* Data segment:
=== Begin Enclosure ===

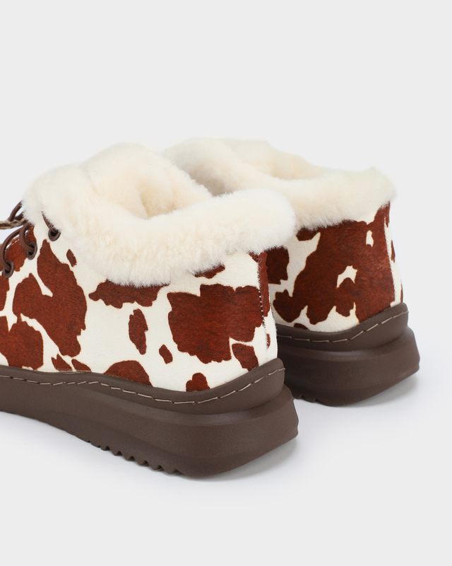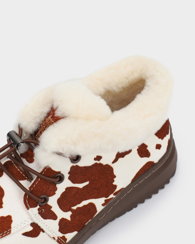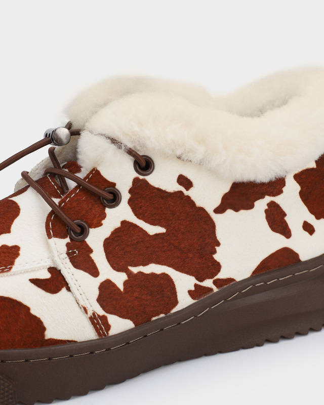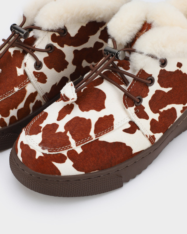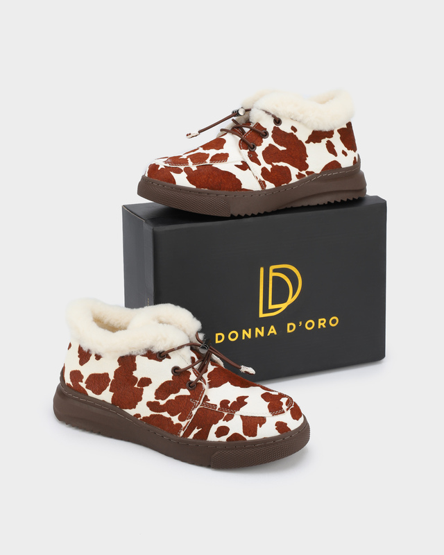 Полуботинки из натуральной замши от итальянского бренда Donna D'Oro. Пара в цвете мульти с фактурой под ворс пони. Опушка выполнена из натурального меха. Подкладка – искусственный мех средней плотности. Застежка на функциональные эластичные шнурки с фиксатором.
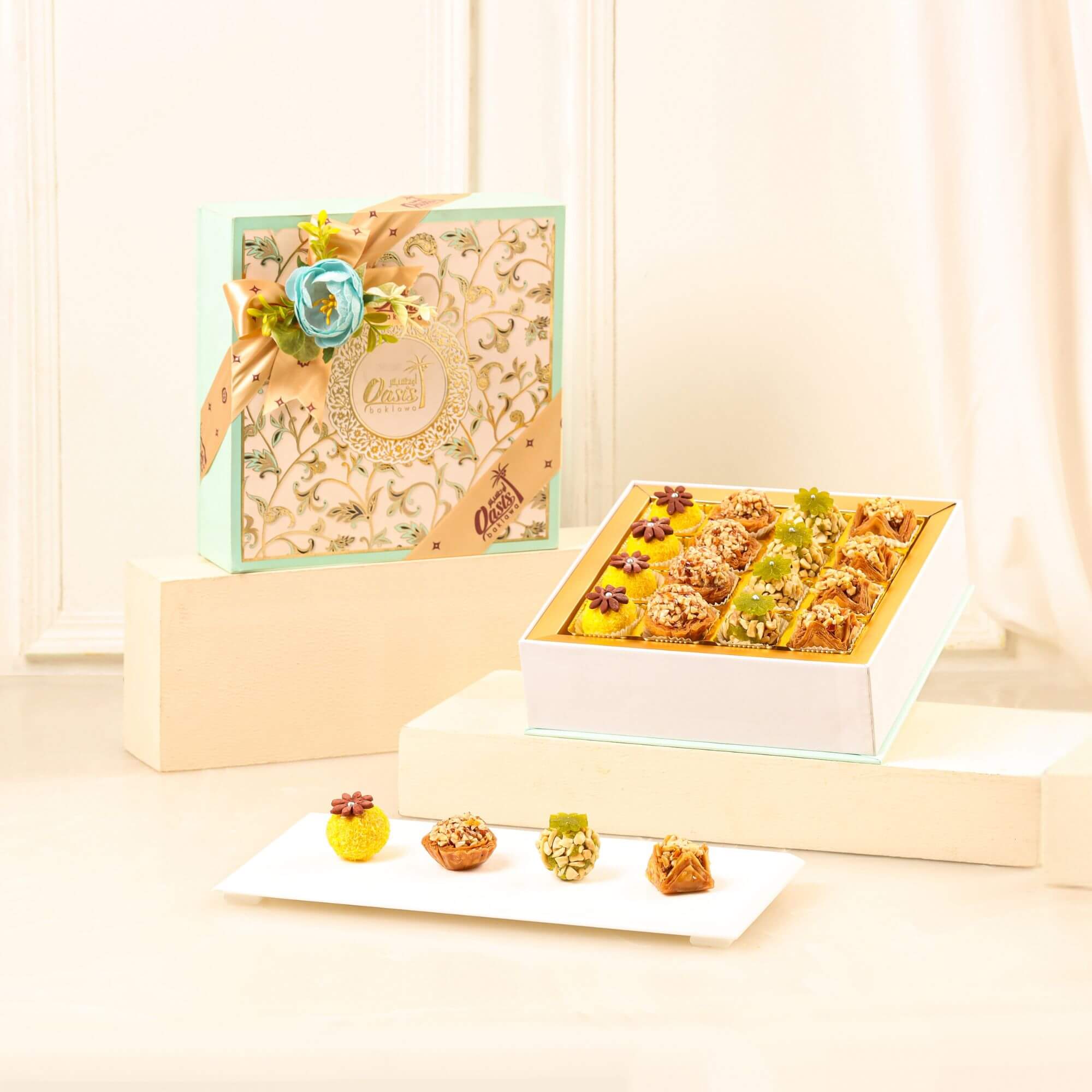 The Marine Collection Baklawa Gift Hampers Boxes by Oasis Baklawa is a refined celebration of flavour, beauty, and heritage. Inspired by the calm elegance of ocean hues, this luxurious hamper features premium, handcrafted baklawa sweets made with rich dry fruits, crisp phyllo layers, and pure ghee.
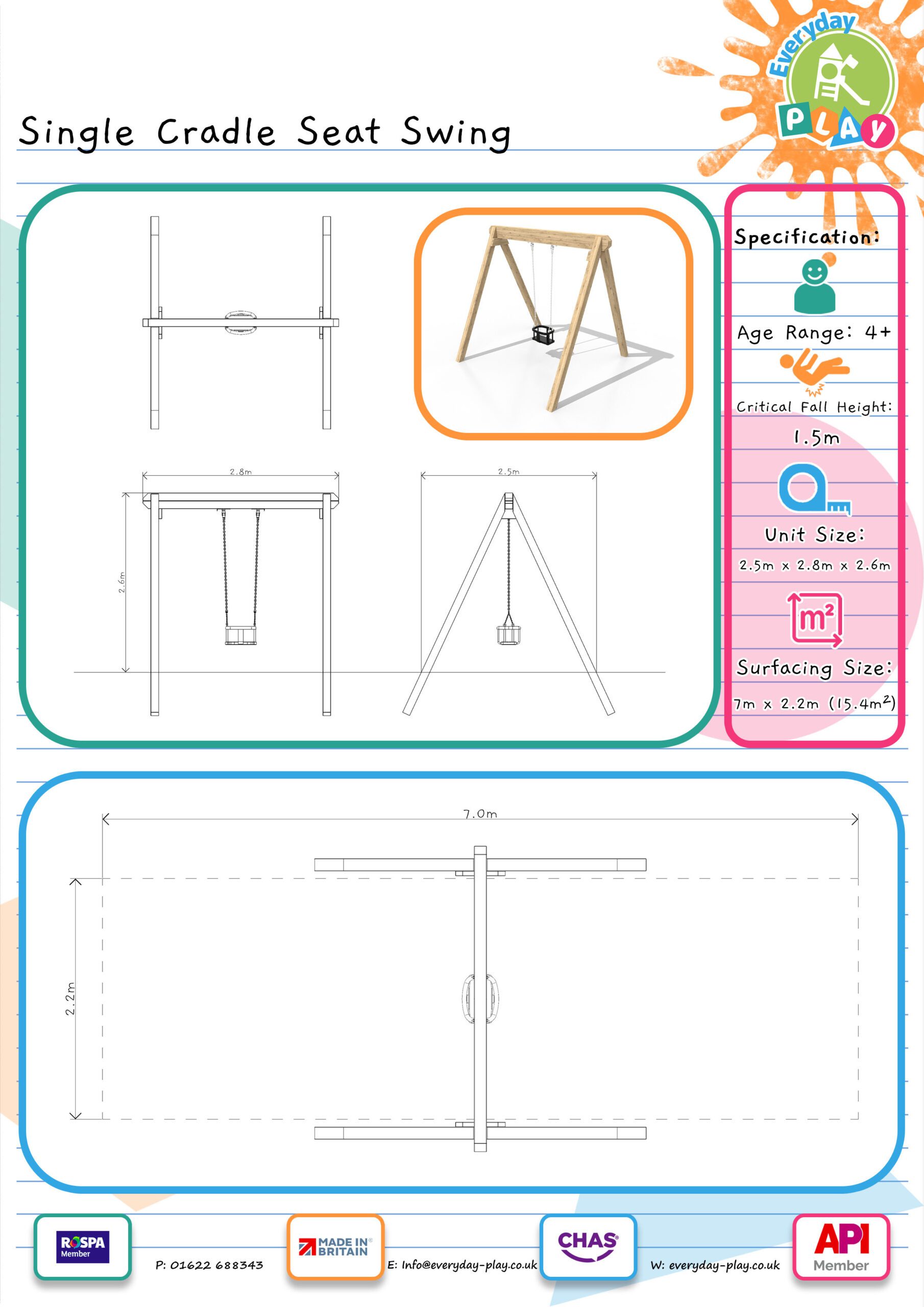 Ideal for public playgrounds, daycare centres and family-friendly parks, the Cradle Swing encourages early motor skill development while offering a calming and enjoyable experience for the youngest children. With its combination of safety, comfort and durability, the Baby Swing is a perfect addition to any playground or play area.

=== End Enclosure ===

The finished copy should match the data above word for word and contain no pictures.

* Answer for the task:
 Полуботинки из натуральной замши от итальянского бренда Donna D'Oro. Пара в цвете мульти с фактурой под ворс пони. Опушка выполнена из натурального меха. Подкладка – искусственный мех средней плотности. Застежка на функциональные эластичные шнурки с фиксатором.
 The Marine Collection Baklawa Gift Hampers Boxes by Oasis Baklawa is a refined celebration of flavour, beauty, and heritage. Inspired by the calm elegance of ocean hues, this luxurious hamper features premium, handcrafted baklawa sweets made with rich dry fruits, crisp phyllo layers, and pure ghee.
 Ideal for public playgrounds, daycare centres and family-friendly parks, the Cradle Swing encourages early motor skill development while offering a calming and enjoyable experience for the youngest children. With its combination of safety, comfort and durability, the Baby Swing is a perfect addition to any playground or play area.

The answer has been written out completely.